Iraqi cleric seeks calm after aide’s killing

BAGHDAD — Gunmen assassinated a top aide of anti-American leader Muqtada al-Sadr on Friday, sharpening a Shiite power struggle that has already triggered fighting between the cleric’s followers and the U.S.-backed Iraqi government.

Riyadh al-Nouri, director of al-Sadr’s office in Najaf, was gunned down by an unknown number of assailants near his home after returning from prayer services, police and Sadrist officials said.

Al-Sadr blamed the Americans and their Iraqi allies for the killing but called for calm — presumably to avoid a showdown at a time when his Mahdi Army militia is under pressure by Iraqi and U.S.-led forces in Baghdad and southern Iraq.

Prime Minister Nouri al-Maliki, also a Shiite, condemned “this savage crime” and ordered an investigation “to pursue and arrest the killers.” But many of the 5,000 people who attended al-Nouri’s funeral later Friday in Najaf chanted “al-Maliki is the enemy of God” as they shouted slogans against al-Sadr’s Shiite political rivals.

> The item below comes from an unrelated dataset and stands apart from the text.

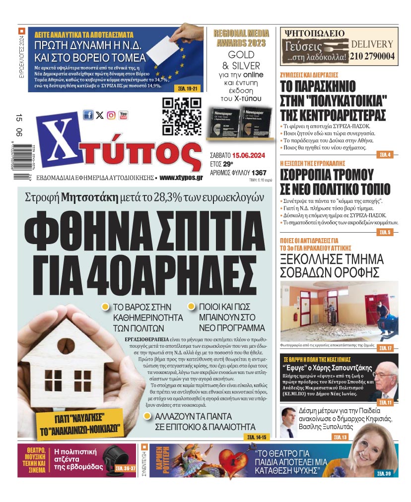 “Πρωτοσέλιδο της εφημερίδας «ΧΤΥΠΟΣ» Σάββατο 15 Ιουνίου 2024”

Authorities declared a curfew in Najaf, the world’s premier Shiite theological center, 100 miles south of Baghdad. Security forces took to the streets in several major cities across the Shiite south. A curfew was also imposed in Hillah, where government troops clashed with al-Sadr’s militia last month.

The assassination of such an influential Sadrist figure is likely to increase tension between al-Sadr’s movement and the Shiite-led government.

Several prominent Sadrists described al-Nouri, 41, as a voice of moderation within the movement, arguing against an armed confrontation with the Americans and al-Sadr’s Shiite rivals.